Who is this ghetto thug i hear you ask. Wonder no more people...Imagine my shock when i find out this is the legendary Darkchild of "darkchild na na" fame. What happened to the obese gangsta is that he apparently has had his stomach stapled and now looks like this. Boo Hiss.....As of right now i am boycotting this loser.

GADGET-LUST!

oh my gosh... okay i want, i want i WANT! i have just been looking at the new ipods and people, they are cool looking.
 
 
i know they are exactly like the iphone, without the phone functionality - but the thing is, i never wanted the phone functionality. by all accounts it was expensive and let's face it, i'm cheap! but the ipod.... mmmmmm YUM!
 
oh and the other gadget that i am slightly lusting after is the LG Shine cellphone... it's got this mirrored finish which is actually its screen and and and... okay it just looks sexy too!
 
 
sadly it has not got brilliant reviews from cnet. But since i am basically about form not function, who cares???
 

The end is nigh......

Emos have discovered spray paint.

Mean Kitty

Kill pussycat kill kill! Ohhh i found this kitty video on youtube and seriously it is SO FLIPPIN cute. thought i'd share. hope this doesn't ruin my goth-credibiltayy!

Blast from the Past

okay it is tragic but i have become a stalker....on Facebook. I decided to check to see if any of my friends from my childhood were on Facebook and so changed networks and followed links to track them down and see whats the dealio with them. And i am shocked/amazed/nauseous with the results. I realize that i have changed a lot(bieger arse getting bieger) since then but i assumed that no one else would. Looking at the pictures i was disgusted at how age ruins everything. I think i am glad that even though i got bigger i haven't turned into a gangsta looking thug with ugly facial hair..(not pointing fingers or anything). shit.

So yeah i have been tracking down kids who went to school with me and there are heaps of them on Facebook. The question now is do i contact them and add them to friends or be a shy bitch and do nothing. Decisions Decisions. As Capt.Haddock so memorably said "Billions of bilious blue blistering barnacles!"

Death becomes Her

So i was on a weekend away this past weekend and was chatting to some buddies from my University days when we got to talking about people we knew in university. I was talking about this girl i knew and then the conversation took a turn for the worse.
Me: so....i wonder what happened to *****..?
Friend: ..yeah you know she died in a car accident in Auckland last year right?...

Now i am not usually the emotional type but that just came out of left field. Since then i have just been feeling so ...helpless(?). I want to do something but i don't know what. I hate this feeling. Obviously i can't do anything but i don't know how to deal with this news. And i don't really want to talk about it with anyone but at the same time i don't want to hold it in. AARGGH. I wish i had that "mind eraser" thingeewatsit from the "Men in Black" movies so i could wipe out unwanted memories.

I thought I'd be intellectual and post this...

George Gray

 

I have studied many times

The marble which was chiseled for me—

A boat with a furled sail at rest in a harbor.

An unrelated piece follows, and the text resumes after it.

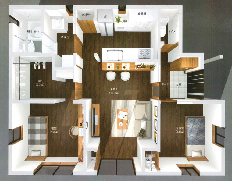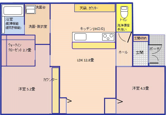 2LDK タイプ ・洋室4.5畳 ・洋室5.2畳 ・ウォークインクローゼット 2.7畳 ・LDK 12.8畳 ・バス トイレ |

In truth it pictures not my destination

But my life.

For love was offered me and I shrank from its disillusionment;

Sorrow knocked at my door, but I was afraid;

Ambition called to me, but I dreaded the chances.

Yet all the while I hungered for meaning in my life.

And now I know that we must lift the sail

And catch the winds of destiny

Wherever they drive the boat.

To put meaning in one’s life may end in madness,

But life without meaning is the torture

Of restlessness and vague desire—

It is a boat longing for the sea and yet afraid.